Der Film zeigt Ergebnisse dieses Engagements. In langen Sequenzen sehen wir US-Soldaten in speziellen Trainingszentren in den USA, wo ganze irakische Dörfer nachgebaut wurden. Irakischstämmige Zivilisten werden als Rollenspieler eingesetzt, sie sollen den Soldaten im Training vermitteln, wie sie vorzugehen haben - bei der Suche nach Aufständischen, bei Kampfeinsätzen in städtischer Umgebung, mittendrin in einer Zivilbevölkerung, von der sie nicht wissen, ob sie ihnen freundlich oder feindlich gesinnt ist. Sie sollen lernen, die Iraker als Menschen zu begreifen und zu respektieren - aber in einer Tonaufnahme aus dem Off äußern sich die Marines abfällig über die Gagen der irakischen Statisten.

Bing West, hohe Figur im Verteidigungsministerium unter Reagan, sagt: "Kann man Marines und Fallschirmjäger, von denen jeder weiß, dass sie harte Kerle sind, zu Diplomaten machen? Nein. Sie sind vor allem Killer. Wenn man sagt, ein Marine ist einer, der mit einem Gewehr umgeht - was tut man mit einem Gewehr? Man erschießt jemanden."

Der Film folgt der Geschichte eines der ersten Anthropologen, die sich auf die Zusammenarbeit mit dem Militär eingelassen haben. Michael Bahtia ging 2007 nach Afghanistan, nachdem er zuvor an Der Derians Institut geforscht hatte. Er wollte seine Ideen und Kenntnisse in die Praxis umsetzen, doch auch er zweifelte an seiner Entscheidung, die ihn gleichermaßen zum Fremdkörper in der Armee und in der wissenschaftlichen Community machte. Die nämlich hatte sich klar gegen ein solches Engagement gestellt.

Im November 2007 veröffentlichte die Amerikanische Anthropologie-Gesellschaft eine Erklärung, in der sie das Human Terrain System als "eine problematische Anwendung anthropologischer Expertise vor allem aus ethischen Gründen" ablehnte. Oder, wie es die Anthropologin Catherin Lutz im Film sagt: "Da ist diese verführerische Idee, dass wir in der Lage wären, in einer Krisensituation zu helfen. Aber ich denke, wir müssen einen Schritt zurückgehen und uns fragen: Helfen wobei? Wem? Um was zu tun? Was sind denn die Ziele von Krieg und Besatzung? Will die anthropologische Community denn dabei helfen?"

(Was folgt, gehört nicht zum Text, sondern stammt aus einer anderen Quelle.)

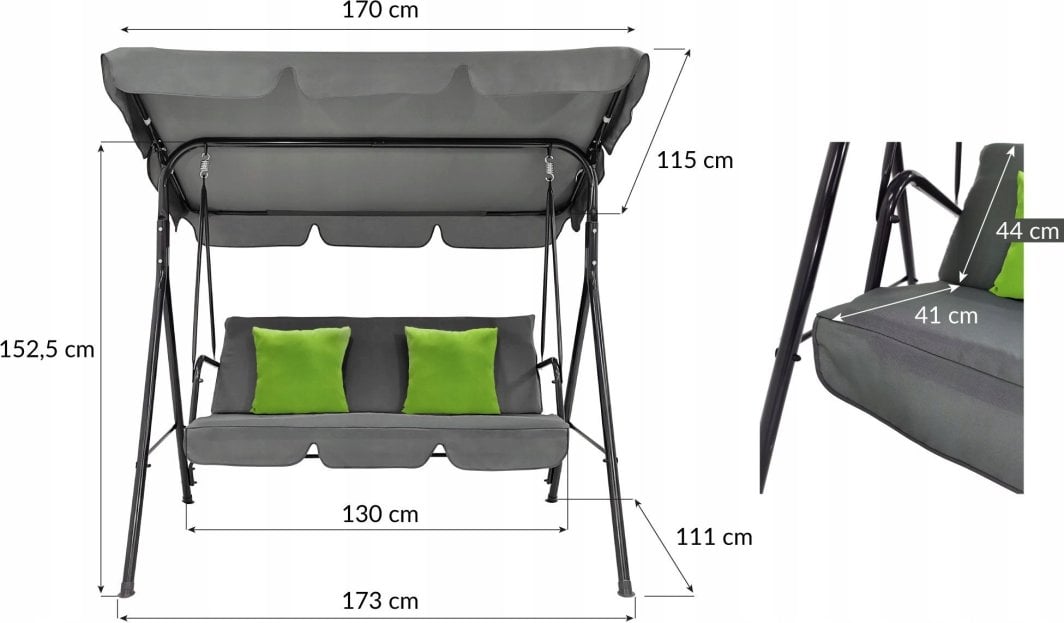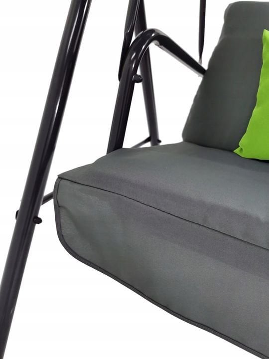 Садові гойдалки Caspi – сидіння для 3 осіб Характеристики виробу: Широке сидіння для 3 осіб Міцний сталевий каркас з порошковим покриттям Регульований навіс з підзором Чохол для сидіння з щільної брезентової тканини Сидіння з пінопласту, покрите тканиною У комплект входять 2 чорні подушки 40×40 Характеристики продукту: Максимальне навантаження: 200 кг Розмір коробки: 135 x 54 x 14 см Вага брутто: 17,8 кг
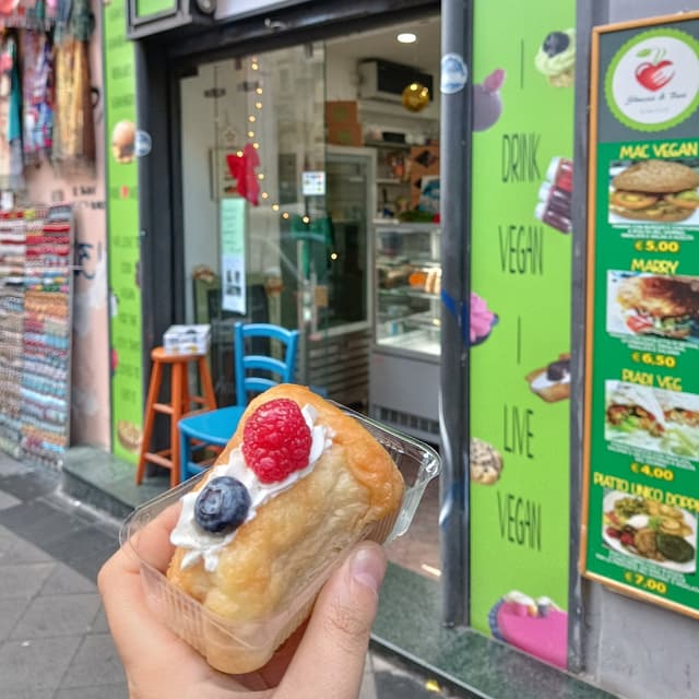 Buonissimo, anzi PERFETTO babà che ho provato durante la mia primissima visita a Napoli, sono rimasta a dir poco impressionata dalla bontà e al contempo leggerezza di questo dolce tipico. Già trovare un dolce tipico in versione vegana penso non sia facilissimo, quindi mi ritengo molto fortunata ad aver trovato questa delizia! Consiglio tantissimo in generale questo posto, dove ho anche preso un panino fenomenale e bello grosso che recensirò successivamente. #napolivegan #vegansweets #veganpastry #veganinnaples

Als Michael Bahtia im Mai 2008 mit einem Militärkonvoi in Afghanistan auf eine Bombe fuhr, war er der erste Sozialwissenschaftler, der im Einsatz getötet wurde. Die Dreharbeiten hatten zu diesem Zeitpunkt längst begonnen, der Tod ihres Freundes und Kollegen Bahtia veränderte den Zugang der Filmemacher und den Film. Die Zerrissenheit Bahtias wurde die zentrale Achse des Films, Interviews mit seiner Familie kamen hinzu. Sinnsuche.

"Human Terrain" ist ein Porträt geworden, nicht nur von Michael Bahtia, sondern auch von einer US-Armee, die trotz ihrer militärischen Übermacht völlig verunsichert ist, wie diese noch immer neuen Kriege zu führen sind. Es ist ganz sicher kein Werbefilm für den Krieg - wie die meisten Intellektuellen auch in den USA lehnte etwa Der Derian, der in Deutschland an Diskussionen über den Film teilnimmt, den Irakkrieg von Beginn an ab - aber wir sehen doch mehr nachdenkliche und um neue Antworten bemühte Soldaten und Offiziere, als man gemeinhin glaubt.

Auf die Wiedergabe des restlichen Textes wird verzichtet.